Anybody remotely interested in Arthurian matters should own or at least have regular access to this last volume, despite its desperate need to be updated yet again some two decades on from its last publication. With its multiplicity of contributors the Encyclopedia is authoritiative and wide-ranging, from book-length entries covering Arthurian literature in most European languages to short descriptions of minor authors of Arthurian-related fiction, from films to computer games (though many of these will be positively antediluvian by now) and from two- and three-dimensional artwork to drama on both stage and screen. All entries are credited to one or more named contributors and many include a select bibliography. Packed into over 600 pages is a preface and lists of the hundred-plus contributors, entries by category and illustrations, followed by a bibliography and a chronology (up to 1990) before we even get to the encyclopedia proper, index and supplement (1990-1995). From Accolon of Gaul to Roger Zelazny and El Libro del Cabellero Zifar we are led through a bewildering array of Arthurian-inspired themes and obsessions, some very tenuous and others central to any consideration of our hero.
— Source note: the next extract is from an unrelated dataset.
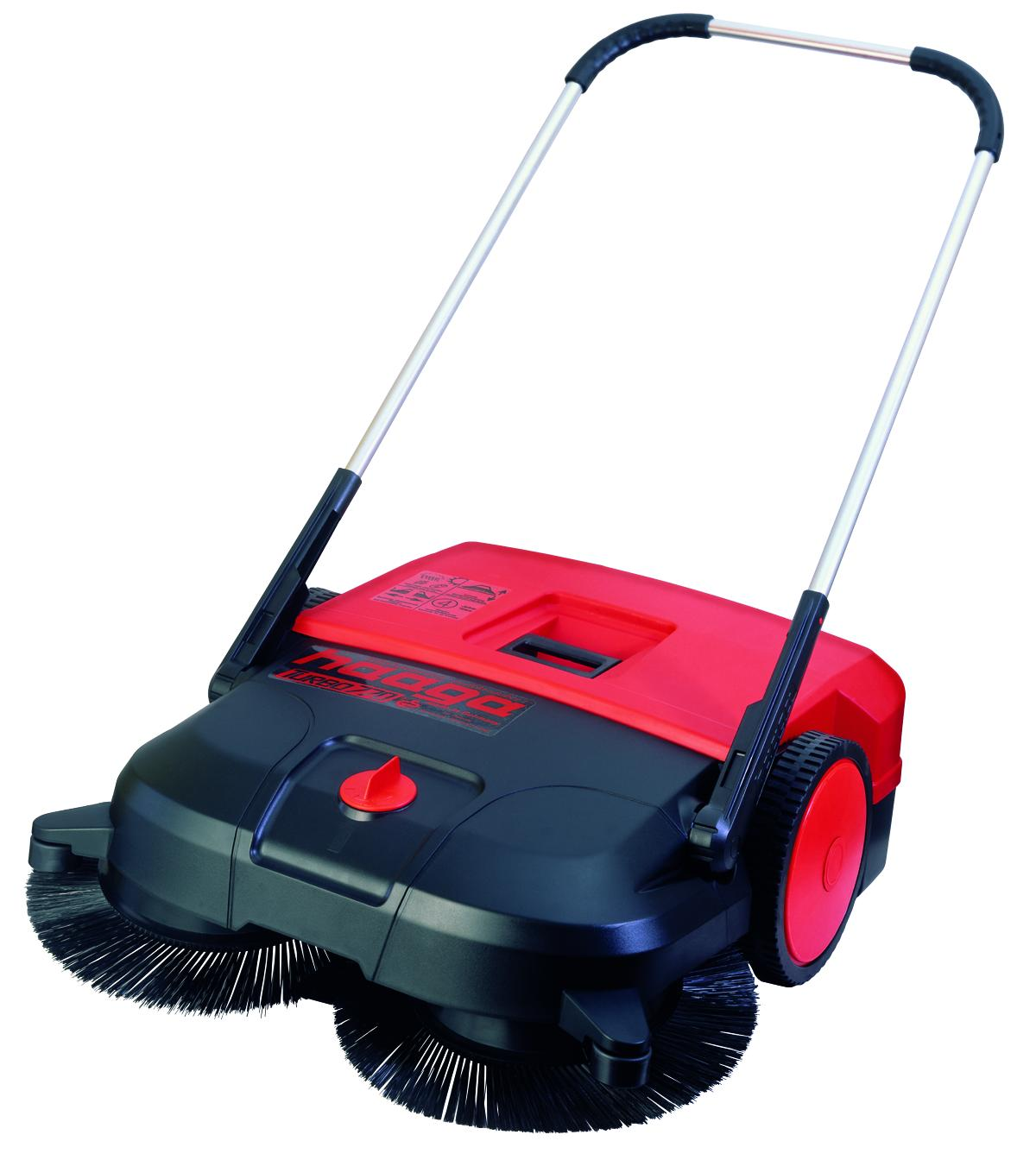 Haaga Turbo 770

While largely dominated by North American contributors there is a broad field of interpretation, and in only a few ways is the scholarly material dated: this is mostly in the historical field where, for example, the Sarmatian and Riothamus origin theories are given approval (by being accorded serious discussion) despite the flaws inherent in any speculative reconstruction of Arthurian identity and chronology. That said, these are small niggles given the value of this compendium of Arthuriana; it has a pride of place on my shelves, and I heartily recommend to any enthusiast.
But if a new edition of The New Arthurian Encyclopedia is ever planned, what would they call it?
Clave para todo el que quiera estudiar el mito artúrico en todas sus variadas dimensiones. No es tarea sencilla el cruzar la obra de Malory, las leyendas, la Vulgata y los textos de Chetrien. Una gran base de estudio para los investigadores aficionados como su aquí lo es su servidor.
A comprehensive, yet wholly readable, guide to the world of Arthur. This book not only has listings that describe characters, places, objects and more, in extraordinary detail, but it also tells you what versions of the legend each item appears in. A great reference.
This is a beautiful and comprehensive compendium of the Arthurian Legends. This shows the ties of Arthurian Legends with histories and arts throughout the ages!